The next challenge for data-driven research lies in establishing a quantitative molecular structure–property relationship (QMSPR), particularly for Y-series NFAs that dominate the highly performing OPVs.6,7 ML offers a powerful tool for uncovering hidden patterns, directly correlating molecular fingerprints or Simplified Molecular Input Line Entry System (SMILES) strings with PCE, often yielding scientifically limited black-box models, which are insufficient to construct QMSPR in OPVs.27–31 Crucially, PCE is not an intrinsic molecular property but rather an outcome of multiple synergistic photophysical processes dominated by molecular properties. The significant PCE variations observed among structurally similar Y-series NFAs demonstrate how subtle molecular structure tuning can govern device performance by modulating photoelectric properties.9,10,32,33 Thus, an effective modelling framework must decouple the complex structure–property relationship into physically meaningful molecular properties. Central to this approach is a well-defined set of molecular optoelectronic descriptors that serve as physical bridges between the chemical structures of photovoltaic materials and device PCEs. To enable reliable and large-scale acquisition of these descriptors, high-throughput quantum chemical calculations with low costs are essential. After that, using standardized datasets of Y-series molecular properties, a two-stage ML pipeline can be constructed: first, correlating computationally derived optoelectronic descriptors with experimentally extracted device PCEs to identify dominant physical parameters; second, linking molecular structures to these key descriptors to reveal how specific substructures determine optoelectronic descriptors. This hierarchical modelling strategy guarantees data-driven innovation in OPVs.

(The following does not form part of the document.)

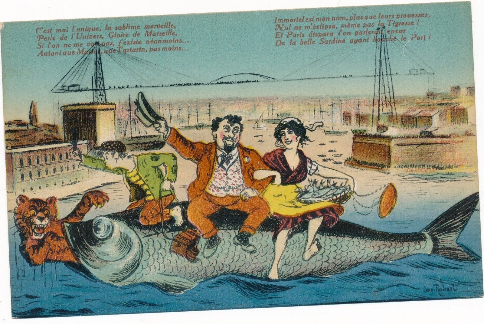 Künstler Karte aus Marseille Frankreich mit Riesen Fisch Ansichtskarte (8571)

By integrating these components, we establish an Intelligent Data-Driven Framework (IDDF) for OPVs that links molecular structure to device performance through quantifiable optoelectronic descriptors. Our approach combines LLM-assisted literature mining with a standardized high-throughput quantum chemistry computation platform (HQCCP) to construct a comprehensive structure–property–performance dataset for Y-series NFAs. This dataset includes 32 device-level parameters extracted from 615 peer-reviewed publications and 50 computed molecular descriptors for 125 representative molecules. By leveraging explainable machine learning, we quantitatively disentangle the influence of specific molecular substructures, including central electron-accepting cores, end groups, donor units, and side chains, on fundamental optoelectronic properties and, ultimately, on PCE. This analysis reveals the physical mechanisms by which molecular design dictates device performance. Our framework represents a modest yet significant stride in advancing organic photovoltaic (OPV) molecular design from empirical intuition towards a predictable and interpretable scientific domain, providing a design reference for future Y-series acceptors. It represents a critical step in shifting OPV research away from trial-and-error exploration toward knowledge-driven innovation, thereby helping to accelerate R&D cycles and enhance competitiveness among emerging photovoltaic technologies.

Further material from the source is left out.